- Portrait from his drama Bobbili Yuddham
- Born: 21 December 1853 Madras, Madras Presidency, India
- Died: 18 June 1929 (aged 75) Madras
- Education: B.A.
- Alma mater: Madras Christian College
- Occupation: Sanskrit Pandit
- Writing career
- Genres: Playwright, Poet, Critic
- Notable work: Prataparudriyam play
- Notable awards: Mahamahopadhyaya Kalaprapoorna

= Vedam Venkataraya Sastry =

Indian writer (1853–1929)

Vedam Venkataraya Sastry (21 December 1853 – 18 June 1929) was an Indian poet, critic, dramatist, and scholar known for his contributions to Telugu literature and theatre. He is best known for his original plays, translations of Sanskrit classics, and his role in promoting Telugu theatre. His acclaimed works include Prataparudriya Natakam (1897), a historical drama, and Usha Parinayam (1901), among others. He also edited the Suryarayandhra Nighantuvu in 1916, a notable Telugu dictionary.

==Life==
Vedam Venkataraya Sastry was born on 21 December 1853 in Madras (now Chennai), to Venkataramana Sastry and Lakshmamma. He graduated with a Bachelor of Arts degree in 1887 and went on to serve as a Sanskrit Pandit at Madras Christian College for 25 years.

Sastry was a prolific writer and dramatist who contributed significantly to Telugu theatre and literature. He wrote original dramas and translated Sanskrit works by Kalidasa and Harsha into Telugu. In 1899, he established the Andhra Bhashabhimani Nataka Samajam, a dramatic association that played a pivotal role in promoting Telugu theatre.

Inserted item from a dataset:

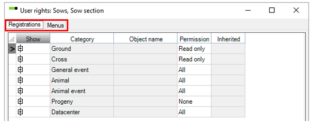 Here you set up which user rights the current employee type should have. You can set up user rights for registrations and menu items, respectively. Since you can do it for both, you can, for example, choose to allow you to see a menu item without having rights to registrations in it. Therefore, you decide on the two different parts in the two tabs "Registrations" and "Menus":

Among his original works, Prataparudriya Natakam (1897) and Usha Parinayam (1901) are notable. Prataparudriya Natakam, a historical drama, earned acclaim for its portrayal of the Kakatiya king Prataparudra and his minister Yugandhara, a character inspired by the cunning of Chanakya. The play also introduced memorable characters such as Vidyanatha, the poet; Chekumuki Sastry, the courtier; and the rustic duo Perigadu and Yelli, who became iconic for their humour in Telugu theatre.

Sastry contributed to Telugu lexicography by serving as the chief editor of Suryarayandhra Nighantuvu in 1916, a significant milestone in the compilation of Telugu dictionaries.

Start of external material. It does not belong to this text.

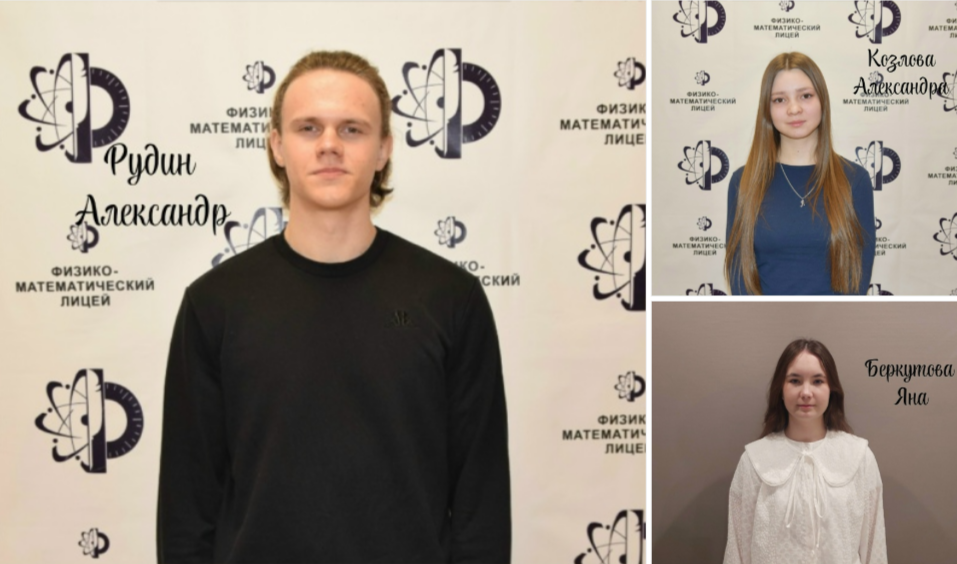 Призерами олимпиады стали 11-классник Физико-математического лицея Александр Рудин и ученицы 9 класса ФМЛ Александра Козлова и Яна Беркутова. Ребят к испытаниям подготовили наставники Константин Дерендяев и Оксана Кропотина.

He died on 18 June 1929 in Madras.

==Literary works==
- Naganandamu (1891)
- Sakuntalamu (1896)
- Prataparudriya Natakam (1897)
- Usha Parinayam (1901)
- Vikramorvasiyam (1901)
- Nannechoduni Kavitvamu
- Pushpabana Vilasa
- Visandhi Vivekamu (1912)
- Bobbili Yuddham (1916)
- Malavikagnimitramu (1919)
- Tikkana Somayaji Vijayamu (1919)
- Uttararama Charitra (1920)
- Andhra Sahitya Darpanamu
- Vyāmōhamu
- Tānāṣā, Akkanna Mādannalu
- Telun̐guvārevaru - Parisodhana vyasamu
- Mayasabha (Duryodhana)
- Vēdamu Vēṅkaṭarāyaśāstrulavāri Jīvitacaritra Saṅgrahamu
- Rasamanjari (1950)

==Honors==
- 1920 : Mahamahopadhyaya award by Andhra Mahasabha.
- 1922 : Sarvatantra Svatantra, Mahamahopadhyaya and Vidyadanavrata Mahoradhi facilitations by Sankara of Dwaraka Peetham.
- 1927 : Kalaprapoorna by Andhra Viswakala Parishad. He was the first recipient of that honour.
- 1958 : Andhra Pradesh Sahitya Akademi award for his critical analysis on Nanne Choda's prabandha poetry in 1958.